-- What to produce --
Please output exactly the part of the records below that opens with the line containing "Het water is" and closes with the line containing "water is daarom", both lines included, and nothing else.
Top of Supplied records
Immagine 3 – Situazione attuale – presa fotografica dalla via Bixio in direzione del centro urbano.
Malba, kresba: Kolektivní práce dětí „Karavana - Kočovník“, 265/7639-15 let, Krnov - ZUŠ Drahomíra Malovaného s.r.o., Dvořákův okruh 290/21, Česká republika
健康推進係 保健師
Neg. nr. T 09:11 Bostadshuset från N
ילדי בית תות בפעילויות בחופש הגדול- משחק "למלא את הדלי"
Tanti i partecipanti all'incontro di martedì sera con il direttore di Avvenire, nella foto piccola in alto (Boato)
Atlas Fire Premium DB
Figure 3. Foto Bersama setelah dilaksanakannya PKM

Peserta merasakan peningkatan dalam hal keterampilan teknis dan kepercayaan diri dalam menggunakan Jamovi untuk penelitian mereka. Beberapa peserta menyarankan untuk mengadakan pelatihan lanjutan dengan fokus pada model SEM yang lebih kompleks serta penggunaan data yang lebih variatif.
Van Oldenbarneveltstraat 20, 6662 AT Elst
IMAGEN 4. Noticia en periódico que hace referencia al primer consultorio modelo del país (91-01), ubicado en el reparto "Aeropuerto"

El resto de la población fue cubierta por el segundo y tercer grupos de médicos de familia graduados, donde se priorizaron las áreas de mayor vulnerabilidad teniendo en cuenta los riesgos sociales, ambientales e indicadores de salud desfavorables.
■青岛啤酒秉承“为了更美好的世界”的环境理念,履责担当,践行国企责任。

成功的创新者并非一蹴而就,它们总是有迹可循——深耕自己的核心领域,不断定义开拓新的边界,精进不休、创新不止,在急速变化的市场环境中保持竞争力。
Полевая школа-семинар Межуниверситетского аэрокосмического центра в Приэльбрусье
Bottom of Supplied records
Top of Supplied records
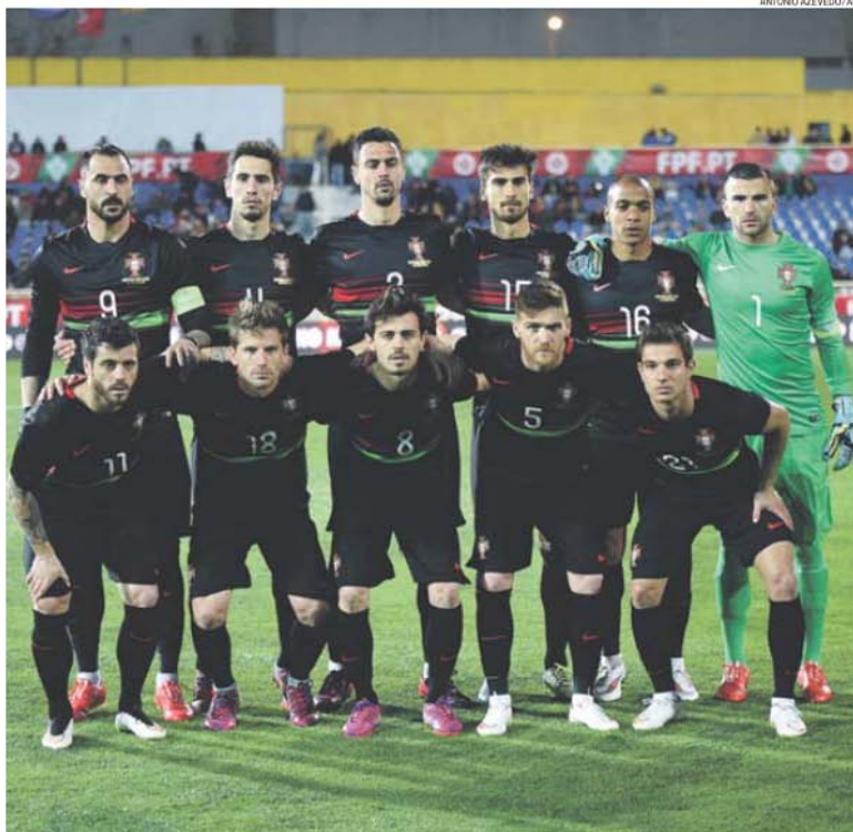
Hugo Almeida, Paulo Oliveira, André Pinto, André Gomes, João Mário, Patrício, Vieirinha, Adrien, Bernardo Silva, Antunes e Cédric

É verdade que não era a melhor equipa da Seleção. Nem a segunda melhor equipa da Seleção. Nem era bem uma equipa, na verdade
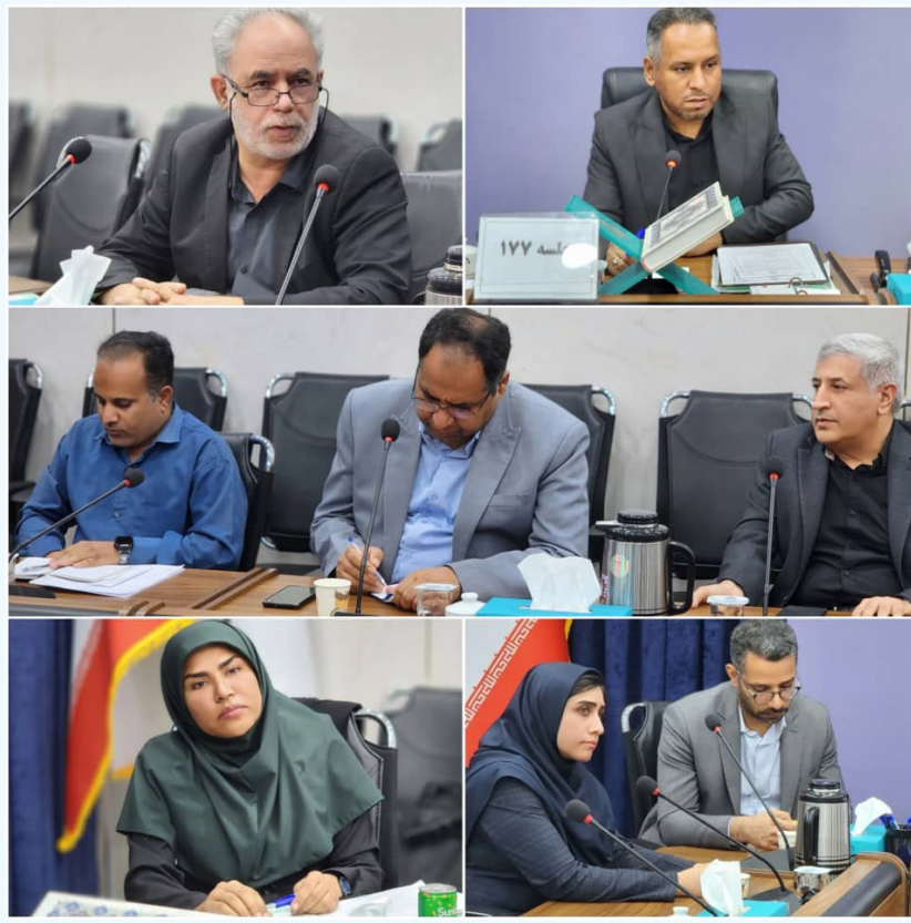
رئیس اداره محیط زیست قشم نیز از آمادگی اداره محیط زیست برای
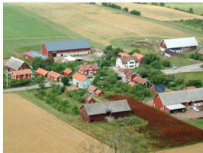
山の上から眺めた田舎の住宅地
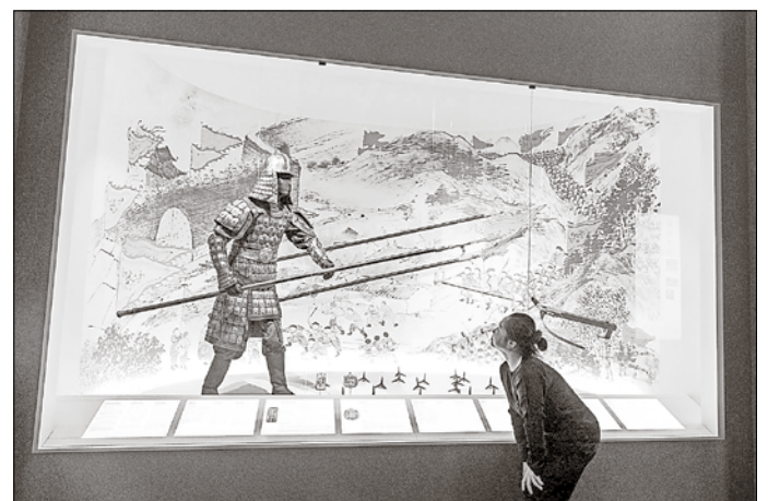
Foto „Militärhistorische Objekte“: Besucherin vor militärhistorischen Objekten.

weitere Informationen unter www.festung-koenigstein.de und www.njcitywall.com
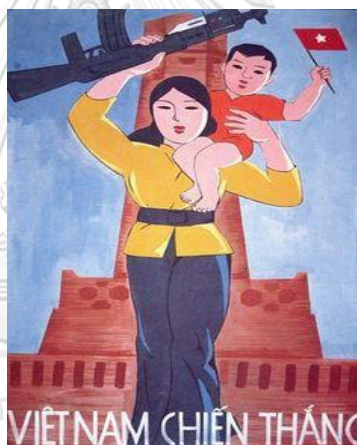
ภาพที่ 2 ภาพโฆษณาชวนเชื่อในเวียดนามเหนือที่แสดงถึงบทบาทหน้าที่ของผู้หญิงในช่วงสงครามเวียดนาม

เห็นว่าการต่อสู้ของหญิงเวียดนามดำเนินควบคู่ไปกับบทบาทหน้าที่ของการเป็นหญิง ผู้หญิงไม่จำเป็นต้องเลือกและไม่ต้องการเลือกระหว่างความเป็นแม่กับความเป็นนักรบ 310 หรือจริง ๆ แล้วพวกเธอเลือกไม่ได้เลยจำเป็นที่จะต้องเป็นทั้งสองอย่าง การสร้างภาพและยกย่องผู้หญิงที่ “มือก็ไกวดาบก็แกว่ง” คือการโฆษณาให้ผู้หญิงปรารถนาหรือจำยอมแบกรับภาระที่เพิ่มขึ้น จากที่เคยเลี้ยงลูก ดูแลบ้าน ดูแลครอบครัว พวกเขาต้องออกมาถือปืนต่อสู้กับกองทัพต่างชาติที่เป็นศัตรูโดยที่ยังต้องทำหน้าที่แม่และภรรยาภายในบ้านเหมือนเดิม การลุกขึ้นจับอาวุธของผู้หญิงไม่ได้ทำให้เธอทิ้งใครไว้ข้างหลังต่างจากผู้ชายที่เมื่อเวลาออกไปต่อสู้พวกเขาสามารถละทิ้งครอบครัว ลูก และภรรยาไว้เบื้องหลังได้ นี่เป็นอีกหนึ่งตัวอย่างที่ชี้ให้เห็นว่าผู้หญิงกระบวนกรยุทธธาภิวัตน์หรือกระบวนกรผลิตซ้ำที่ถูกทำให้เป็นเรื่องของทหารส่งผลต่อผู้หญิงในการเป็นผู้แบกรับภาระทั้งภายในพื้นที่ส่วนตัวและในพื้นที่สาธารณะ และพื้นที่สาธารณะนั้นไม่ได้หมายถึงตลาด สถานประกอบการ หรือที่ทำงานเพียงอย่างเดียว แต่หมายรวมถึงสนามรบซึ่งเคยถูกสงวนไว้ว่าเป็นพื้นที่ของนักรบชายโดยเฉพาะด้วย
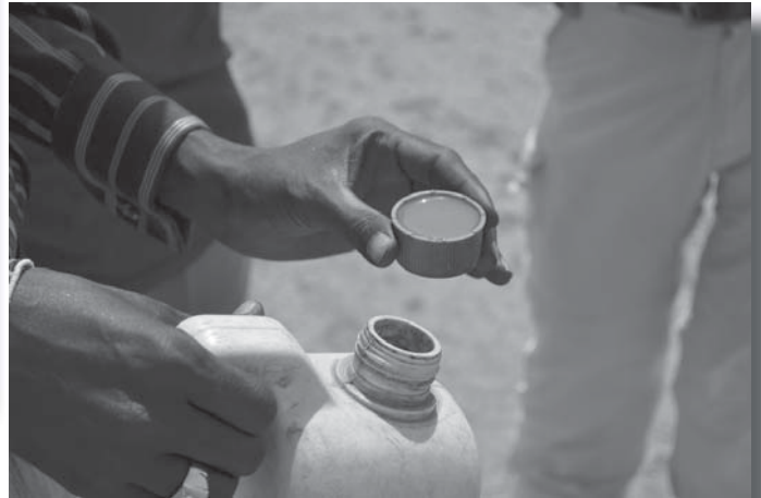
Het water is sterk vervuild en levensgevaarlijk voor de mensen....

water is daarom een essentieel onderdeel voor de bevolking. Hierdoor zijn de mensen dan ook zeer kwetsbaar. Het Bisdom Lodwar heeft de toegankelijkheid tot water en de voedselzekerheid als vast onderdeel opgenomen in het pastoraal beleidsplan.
Bottom of Supplied records
-- Answer to this problem --
Het water is sterk vervuild en levensgevaarlijk voor de mensen....

water is daarom een essentieel onderdeel voor de bevolking. Hierdoor zijn de mensen dan ook zeer kwetsbaar. Het Bisdom Lodwar heeft de toegankelijkheid tot water en de voedselzekerheid als vast onderdeel opgenomen in het pastoraal beleidsplan.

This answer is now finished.